片山参考人 今御提案いただいたのは、極めて先端的な技術からローテクまでいろいろございまして、一つ一つに対して私の判断を今全部言うことはできませんが、防災に対する対策というのは、これはもう総合的な対策になります。
 ですから、何か一つだけいいことをやっておけばこれで全部救えるかというとそれはないわけでして、今おっしゃったように、非常に身近なところから、例えば家の中のガラス、これは非常に阪神・淡路大震災のときにも皆さん苦労なさったということも知られておりますし、トイレが問題になるのはこれはいつものことでございます。それに対して、ファイバースコープとかロボットとかいった種類のものの研究が今緒についていることも御存じのとおりでありまして、どれにどういう割合でどれだけの投資をしてというところ、私、今すぐには申し上げられませんけれども、今おっしゃったことはすべて大切であって、こういうものに総合的にやはり取り組んでいく、まじめに取り組んでいくということが、私は長い目で見た防災対策に非常に大切だと思います。

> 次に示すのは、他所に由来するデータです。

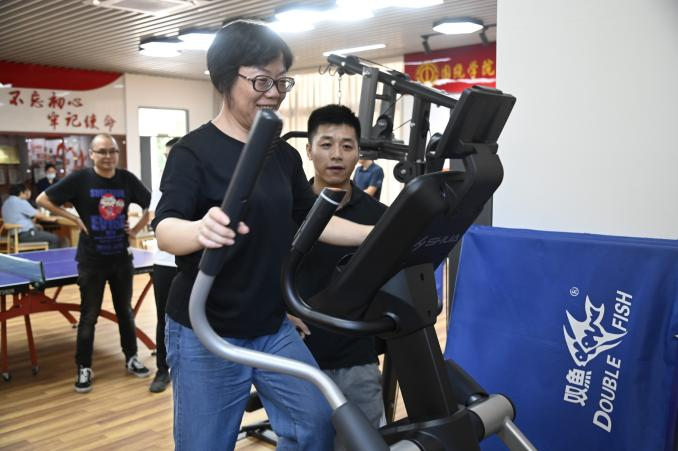 将健身器械全面升级的同时还请来了专业教练对教职工进行指导,保障运动安全,在教练的点对点精准指导下,大家学习了器材的使用方法,根据自己的身体状况选择了不同的器械体验,此次活动有效缓解教师长时间实验室钻研、教室中授课带来的亚健康等问题。崭新的乒乓球桌上,是化院教师热情洋溢的节拍,专业的健身器械上,是三尺讲台上游刃有余的缩影。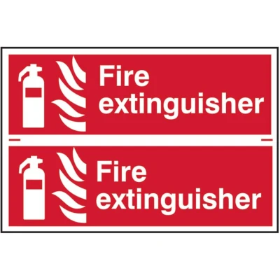 General description This is a durable, self-adhesive PVC sign indicating the location of a fire extinguisher. It features clear, high-visibility graphics and complies with safety standards to help prevent accidents and limit liability. Technical specifications Material: 1mm thick PVC Individual Size: 300 x 100mm Total Sheet Size: 200 x 300mm Color: White with red background and white text/symbols Printing: UV resistant inks to prevent fading Adhesive: Aggressive water-based adhesive for secure attachment on smooth, dry surfaces Compatibility and accessories Designed for application on smooth, dry surfaces such as walls and doors Installation Ensure the surface is clean, dry, and free of dust or grease before application Peel off the backing and press firmly onto the desired surface to ensure good adhesion Usage Use this sign to clearly mark the location of fire extinguishers in workplaces, public buildings, or industrial areas Ensure the sign is visible and unobstructed for quick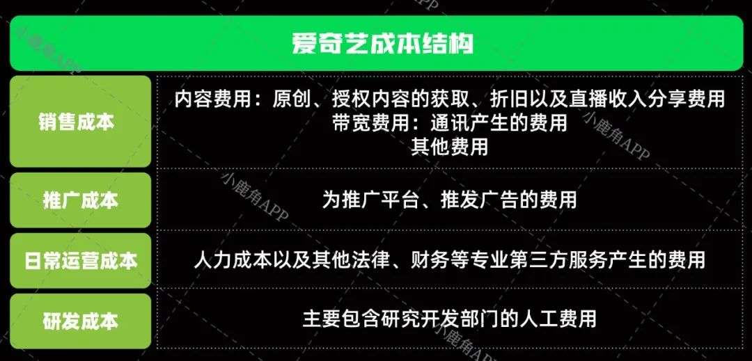 而爱奇艺的收入主要依靠用户付费订阅,吸引付费用户则主要依靠高质量的自制剧以及其他需要购买版权的优质节目,因此成本颇高。

白石参考人 西川先生からは非常に重要な御指摘をいただいたというふうに思っております。
 ジュニア防災リーダー、こうしたリーダーを育成することはもちろん重要なことでございますが、このリーダーの活動を通じてすそ野を広げていく、防災に対する知識を持った人たちをより多く育成していく、これが重要ではないか。
 西川先生がおっしゃいましたように、阪神・淡路などを通して、市民レベルでできる重要な伝承といいますか、体験がずっと伝わってきたわけでございますが、時間経過とともにこれも散逸してしまう可能性がある。日ごろからガラスの飛散防止フィルムを張っておくとか、懐中電灯ではなく帽子につけるような懐中電灯の方が両手が動けるとか、冬は薄い寝巻きを着て寝るのではなくスエットで寝る方がいい、こうした市民レベルの知恵がいつか時間経過とともに飛散してしまうのが状況ではないかなというふうに思います。

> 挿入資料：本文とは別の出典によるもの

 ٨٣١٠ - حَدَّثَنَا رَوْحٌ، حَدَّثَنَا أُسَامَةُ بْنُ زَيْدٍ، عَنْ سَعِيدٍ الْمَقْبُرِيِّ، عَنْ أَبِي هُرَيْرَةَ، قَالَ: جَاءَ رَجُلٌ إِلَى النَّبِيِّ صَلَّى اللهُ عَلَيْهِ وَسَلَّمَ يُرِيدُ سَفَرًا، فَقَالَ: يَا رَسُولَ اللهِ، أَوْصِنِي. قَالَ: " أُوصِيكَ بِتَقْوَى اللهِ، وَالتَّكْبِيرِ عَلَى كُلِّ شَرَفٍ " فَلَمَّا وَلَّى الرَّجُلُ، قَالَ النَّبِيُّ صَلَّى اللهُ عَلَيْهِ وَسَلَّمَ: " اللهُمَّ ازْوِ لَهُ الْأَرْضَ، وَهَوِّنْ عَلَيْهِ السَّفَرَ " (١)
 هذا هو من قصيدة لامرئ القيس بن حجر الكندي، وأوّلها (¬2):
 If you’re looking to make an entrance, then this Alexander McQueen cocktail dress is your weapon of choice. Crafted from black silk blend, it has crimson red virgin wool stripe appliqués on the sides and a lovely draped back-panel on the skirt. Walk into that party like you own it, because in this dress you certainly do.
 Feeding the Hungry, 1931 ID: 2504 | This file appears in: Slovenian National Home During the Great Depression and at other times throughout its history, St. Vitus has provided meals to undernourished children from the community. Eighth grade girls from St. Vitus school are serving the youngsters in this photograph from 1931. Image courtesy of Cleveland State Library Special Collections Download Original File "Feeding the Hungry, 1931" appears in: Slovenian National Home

 こうした家族でできること、まず子供でできることを教育の現場の中でも教えていくということが重要であるというふうに思います。それに関しましては、この四月から総合学習とか週休二日制ということが導入されておりますので、地域の中で学校現場を通じてできることというのが私はたくさんあるような気がいたします。
西川(太)委員 どうもありがとうございました。
田並委員長 これにて参考人に対する質疑は終了いたしました。
 参考人の四人の先生には、長時間にわたりまして御出席を賜り、貴重な御意見を承ることができまして、本当にありがとうございました。本委員会を代表いたしまして厚く御礼を申し上げる次第です。(拍手)
 次回は、公報をもってお知らせすることとし、本日は、これにて散会いたします。